Abstract
Basic science investigations have consistently shown that repeated exposure to psychostimulant drugs, such as cocaine, activate the immune response and lead to inflammatory changes in the brain. No previous in vivo studies have confirmed this observation in chronic cocaine-abusing humans. To test this hypothesis, we used positron emission tomography imaging to measure the binding of [11C]PBR28 to the 18 kDa translocator protein (TSPO), a marker for microglial activation in a group of 15 recently abstinent cocaine abusers and 17 matched healthy controls. [11C]PBR28 volumes of distribution expressed relative to total plasma ligand concentration (VT) were measured in subjects with kinetic analysis using the arterial input function.

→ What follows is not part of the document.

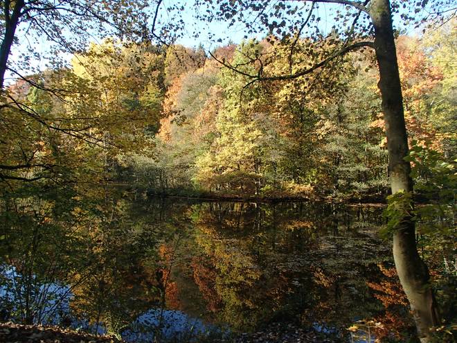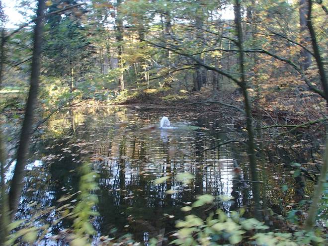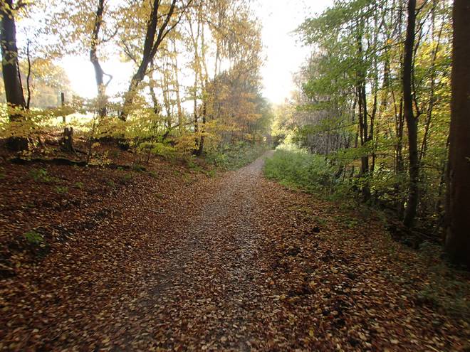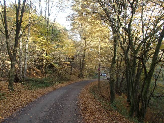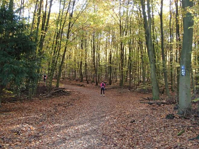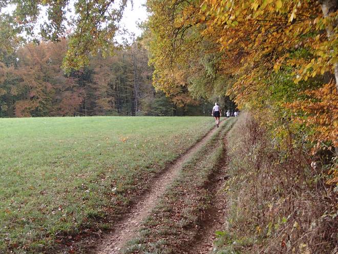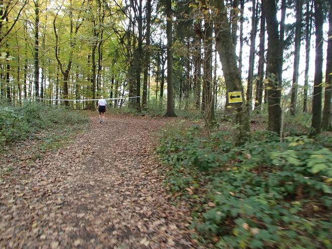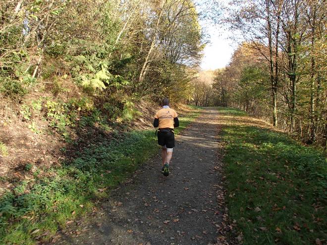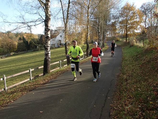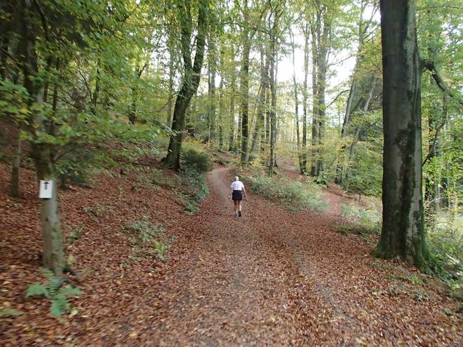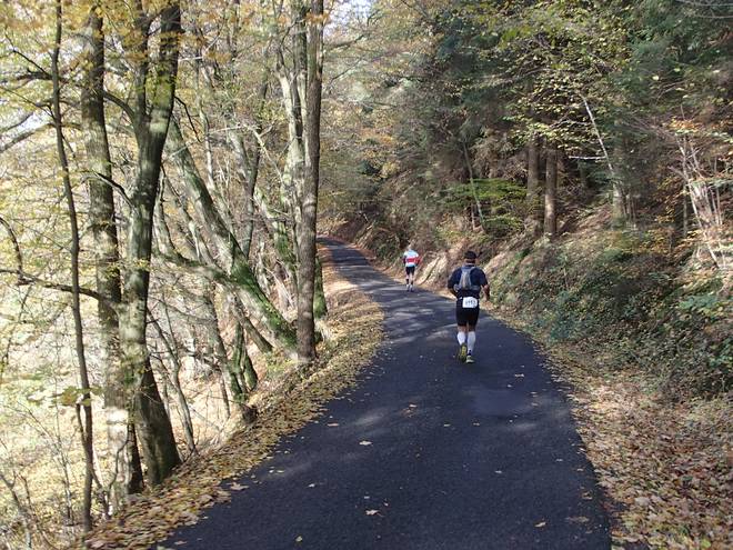 Lenneper Bach 15.42 Uhr / Km 60,0 Bergab auf Laub. Da mußte man gut aufpassen. So ganz wach war man nach mehr als sieben Stunden Laufen ja auch nicht mehr. |

Subjects were also genotyped for the TSPO alanine147 threonine (Ala147Thr, rs6971) polymorphism that has been shown to influence the in vivo binding of PBR28 to TSPO. Consistent with previous reports, the TSPO Ala147Thr genotype predicted the in vivo binding of [11C]PBR28. No significant differences in [11C]PBR28 VT were observed in the cortical and subcortical regions in cocaine abusers compared with healthy controls. The results of this in vivo study do not support increased TSPO expression and, by extension, microglial activation in chronic cocaine-abusing humans. Further research with more direct markers of microglial activation is necessary to conclusively rule out neuroinflammation in cocaine dependence.
Introduction
Positron emission tomography (PET) imaging studies have demonstrated decreased dopamine transmission in the striatum of chronic cocaine abusers relative to healthy comparison subjects (Volkow et al., 1997; Malison et al., 1999). These reports have been furthered with data suggesting that less dopamine release is associated with higher relapse rates in cocaine abusers (Martinez et al., 2007, 2011). One possible mechanism that contributes to decreased dopamine transmission in cocaine abuse may involve activation of microglia in the brain (Lee et al., 2009; Yao et al., 2011). For example, inflammatory cytokines released by activated microglia (and astrocytes) have been shown to decrease dopamine synthesis and release by a variety of mechanisms, such as oxidization of tetrahydrobiopterin, a cofactor involved in the dopamine synthesis pathway; altering the expression and function of the vesicular monoamine transporter, Type 2 and dopamine transporter; and enhancing the production of kynurenic acid, which in turn decreases glutamate transmission and impacts dopamine release (for detailed review, see Felger and Miller, 2012). Little et al. (2009) investigated this issue in postmortem human brain tissue and reported a twofold to fourfold increase in activated microglia and macrophages in the anterior midbrain of cocaine abusers compared with controls. No previous in vivo studies have reported on whether or not there is an increase in activated microglia in the brains of cocaine abusers.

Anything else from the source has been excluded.